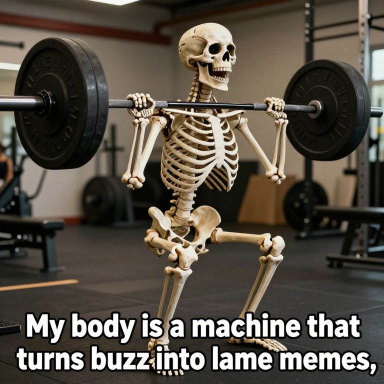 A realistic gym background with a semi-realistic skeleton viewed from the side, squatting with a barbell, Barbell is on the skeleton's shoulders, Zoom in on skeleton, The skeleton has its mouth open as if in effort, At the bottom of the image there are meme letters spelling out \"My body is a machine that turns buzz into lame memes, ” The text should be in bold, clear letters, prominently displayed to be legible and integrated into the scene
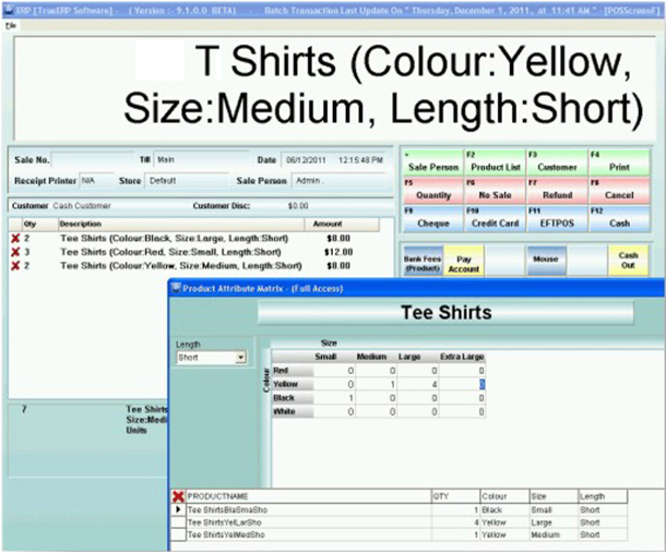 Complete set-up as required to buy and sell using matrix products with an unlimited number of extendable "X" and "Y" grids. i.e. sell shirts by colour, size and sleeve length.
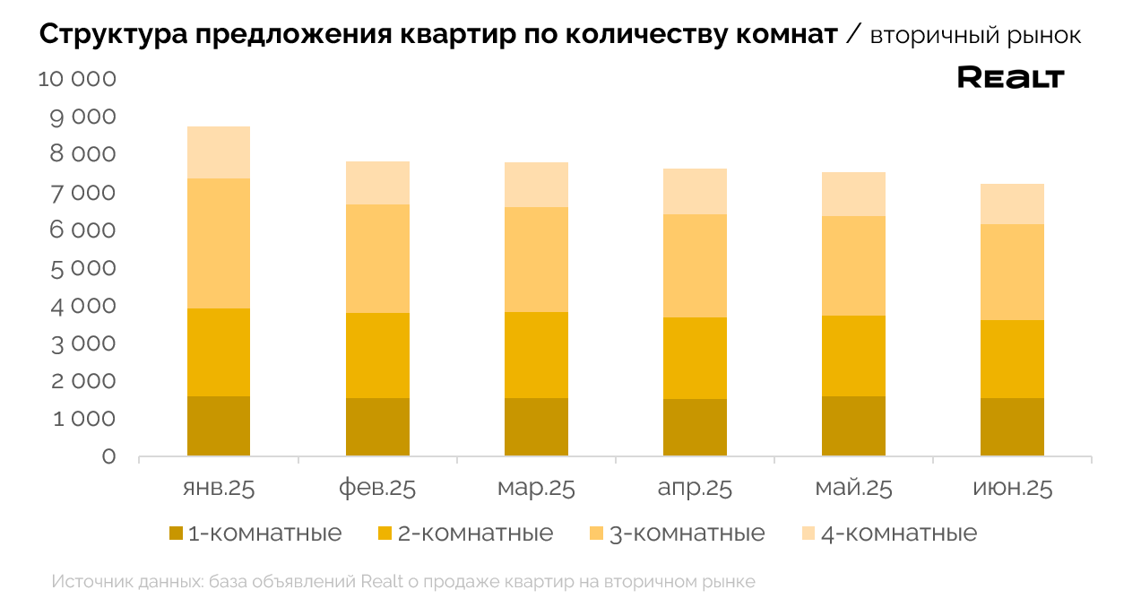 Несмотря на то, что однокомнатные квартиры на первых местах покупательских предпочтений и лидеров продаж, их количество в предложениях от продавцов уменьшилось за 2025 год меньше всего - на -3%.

*TRY IT:* With the pictures left out, transcribe the material exactly.

*EXERCISE RESULT:*
 A realistic gym background with a semi-realistic skeleton viewed from the side, squatting with a barbell, Barbell is on the skeleton's shoulders, Zoom in on skeleton, The skeleton has its mouth open as if in effort, At the bottom of the image there are meme letters spelling out \"My body is a machine that turns buzz into lame memes, ” The text should be in bold, clear letters, prominently displayed to be legible and integrated into the scene
 Complete set-up as required to buy and sell using matrix products with an unlimited number of extendable "X" and "Y" grids. i.e. sell shirts by colour, size and sleeve length.
 Несмотря на то, что однокомнатные квартиры на первых местах покупательских предпочтений и лидеров продаж, их количество в предложениях от продавцов уменьшилось за 2025 год меньше всего - на -3%.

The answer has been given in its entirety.